- What the exercise asks:
Apart from the images, every record here needs to be copied exactly.

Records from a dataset

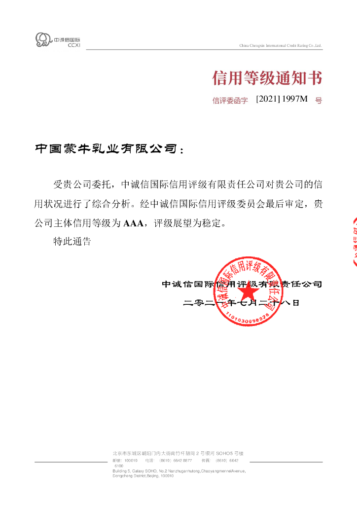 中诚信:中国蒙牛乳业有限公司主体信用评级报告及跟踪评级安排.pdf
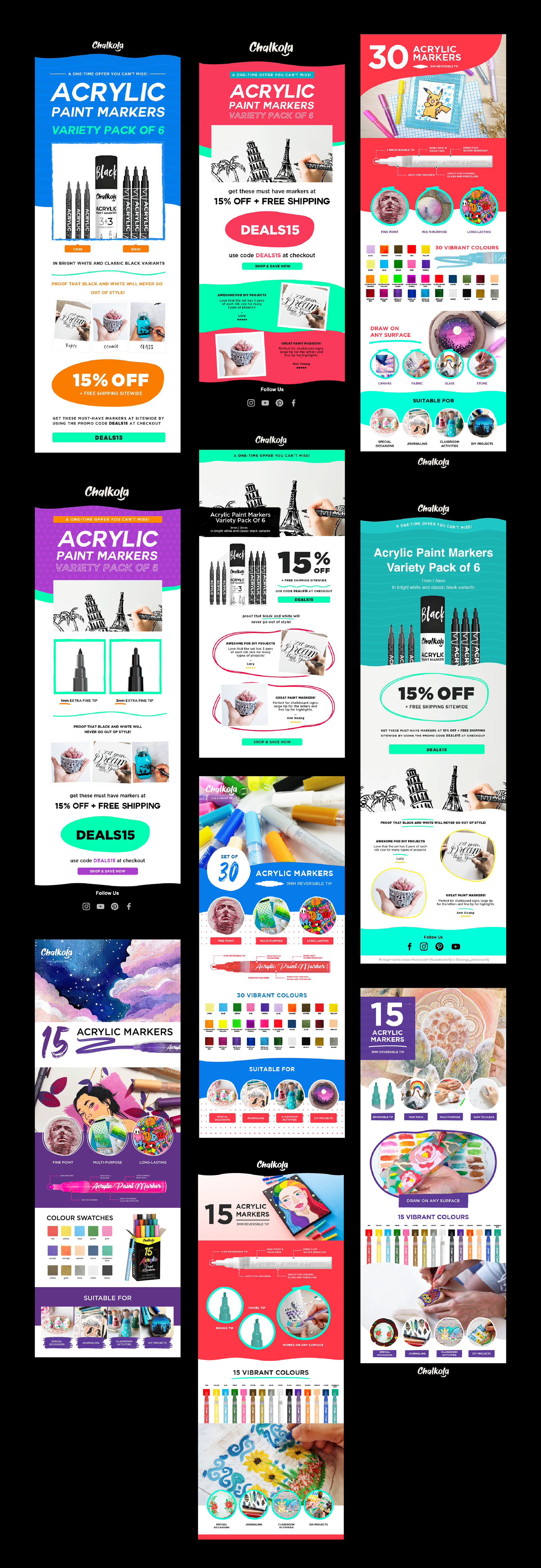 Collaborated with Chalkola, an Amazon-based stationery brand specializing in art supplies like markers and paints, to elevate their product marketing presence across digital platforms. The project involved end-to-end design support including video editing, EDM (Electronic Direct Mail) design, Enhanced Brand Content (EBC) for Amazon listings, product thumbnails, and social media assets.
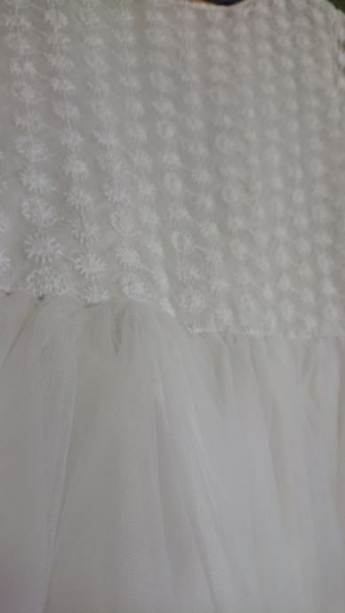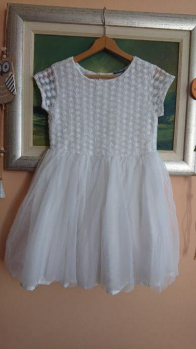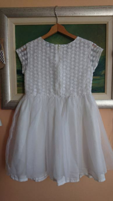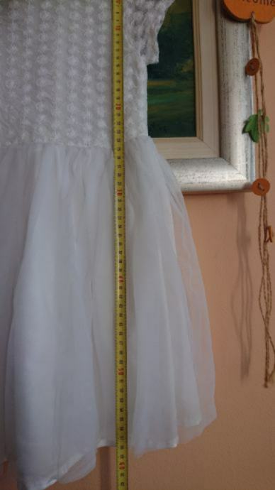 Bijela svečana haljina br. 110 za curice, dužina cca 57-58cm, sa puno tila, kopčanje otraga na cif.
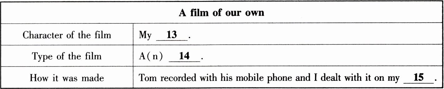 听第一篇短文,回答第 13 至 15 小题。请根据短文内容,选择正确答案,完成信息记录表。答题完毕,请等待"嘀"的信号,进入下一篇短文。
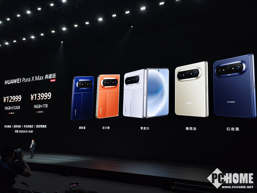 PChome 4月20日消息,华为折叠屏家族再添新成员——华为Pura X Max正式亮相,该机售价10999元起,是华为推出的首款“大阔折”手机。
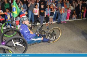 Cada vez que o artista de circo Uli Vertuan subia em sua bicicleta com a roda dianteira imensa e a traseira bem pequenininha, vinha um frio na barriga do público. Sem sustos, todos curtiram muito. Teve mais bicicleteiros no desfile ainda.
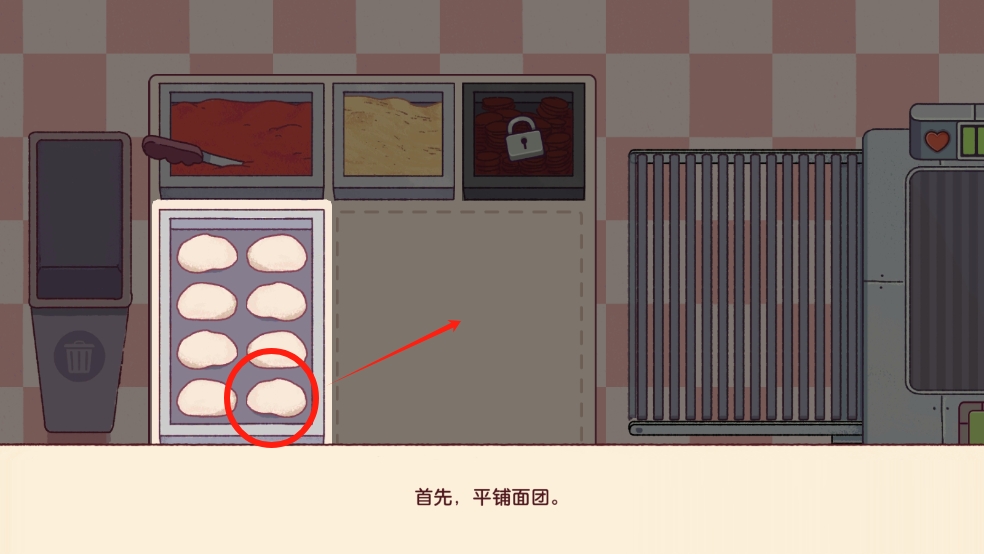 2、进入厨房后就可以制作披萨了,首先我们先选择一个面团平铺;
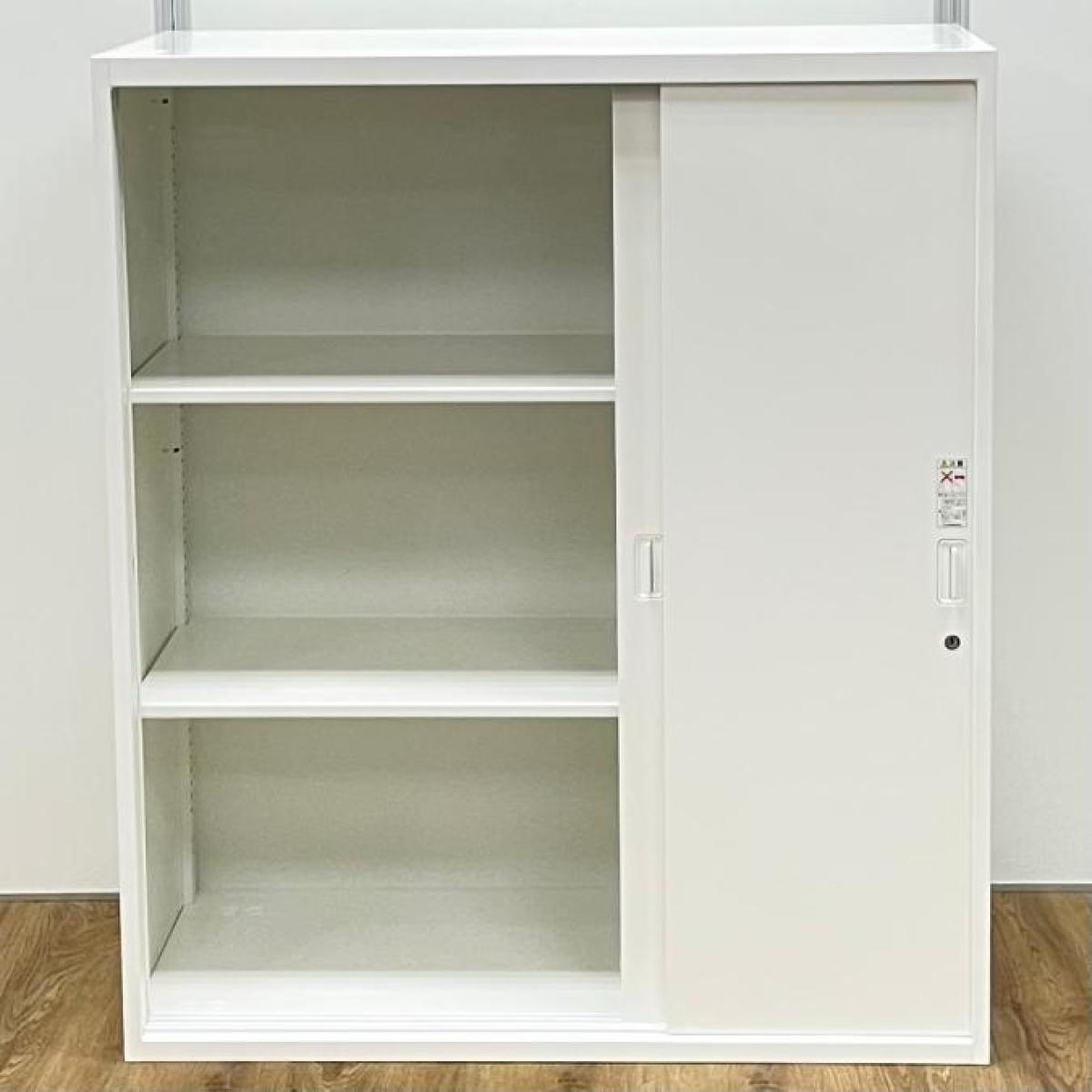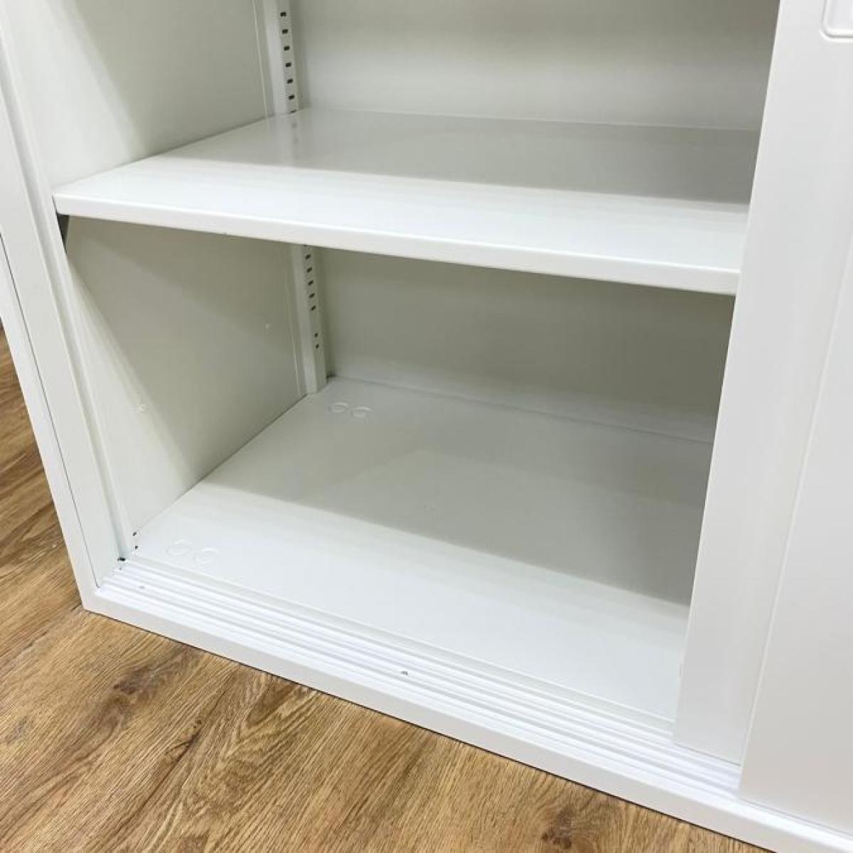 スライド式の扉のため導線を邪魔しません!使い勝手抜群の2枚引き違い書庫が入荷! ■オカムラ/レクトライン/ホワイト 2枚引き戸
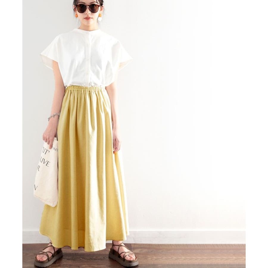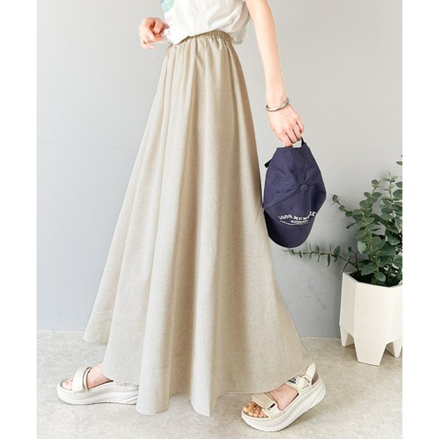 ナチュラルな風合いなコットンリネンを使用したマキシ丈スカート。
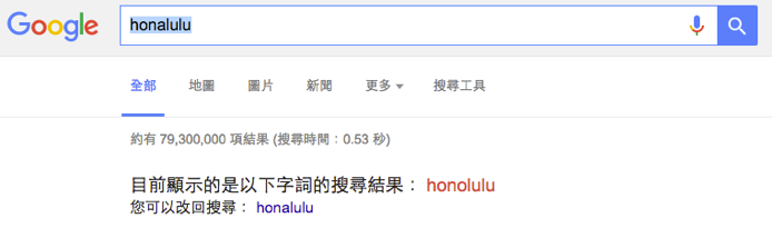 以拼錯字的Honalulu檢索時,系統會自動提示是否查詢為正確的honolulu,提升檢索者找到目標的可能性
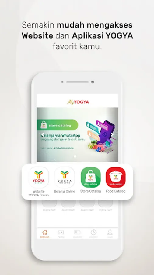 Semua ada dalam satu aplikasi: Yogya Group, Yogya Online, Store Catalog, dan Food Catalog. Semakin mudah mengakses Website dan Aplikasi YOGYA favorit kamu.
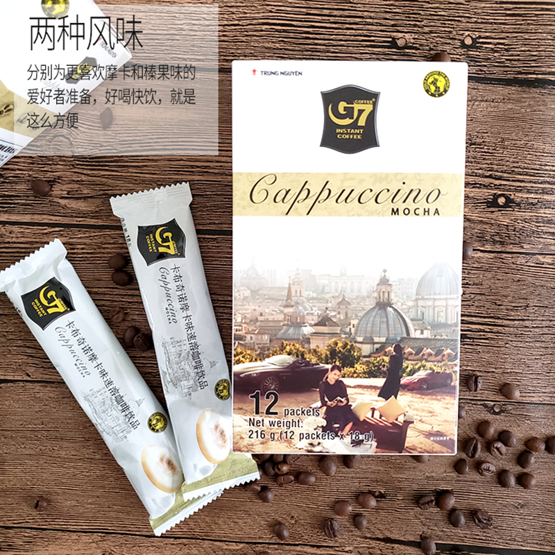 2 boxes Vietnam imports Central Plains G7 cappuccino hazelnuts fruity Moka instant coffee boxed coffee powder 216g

- Response below:
 中诚信:中国蒙牛乳业有限公司主体信用评级报告及跟踪评级安排.pdf
 Collaborated with Chalkola, an Amazon-based stationery brand specializing in art supplies like markers and paints, to elevate their product marketing presence across digital platforms. The project involved end-to-end design support including video editing, EDM (Electronic Direct Mail) design, Enhanced Brand Content (EBC) for Amazon listings, product thumbnails, and social media assets.
 Bijela svečana haljina br. 110 za curice, dužina cca 57-58cm, sa puno tila, kopčanje otraga na cif.
 听第一篇短文,回答第 13 至 15 小题。请根据短文内容,选择正确答案,完成信息记录表。答题完毕,请等待"嘀"的信号,进入下一篇短文。
 PChome 4月20日消息,华为折叠屏家族再添新成员——华为Pura X Max正式亮相,该机售价10999元起,是华为推出的首款“大阔折”手机。
 Cada vez que o artista de circo Uli Vertuan subia em sua bicicleta com a roda dianteira imensa e a traseira bem pequenininha, vinha um frio na barriga do público. Sem sustos, todos curtiram muito. Teve mais bicicleteiros no desfile ainda.
 2、进入厨房后就可以制作披萨了,首先我们先选择一个面团平铺;
 スライド式の扉のため導線を邪魔しません!使い勝手抜群の2枚引き違い書庫が入荷! ■オカムラ/レクトライン/ホワイト 2枚引き戸
 ナチュラルな風合いなコットンリネンを使用したマキシ丈スカート。
 以拼錯字的Honalulu檢索時,系統會自動提示是否查詢為正確的honolulu,提升檢索者找到目標的可能性
 Semua ada dalam satu aplikasi: Yogya Group, Yogya Online, Store Catalog, dan Food Catalog. Semakin mudah mengakses Website dan Aplikasi YOGYA favorit kamu.
 2 boxes Vietnam imports Central Plains G7 cappuccino hazelnuts fruity Moka instant coffee boxed coffee powder 216g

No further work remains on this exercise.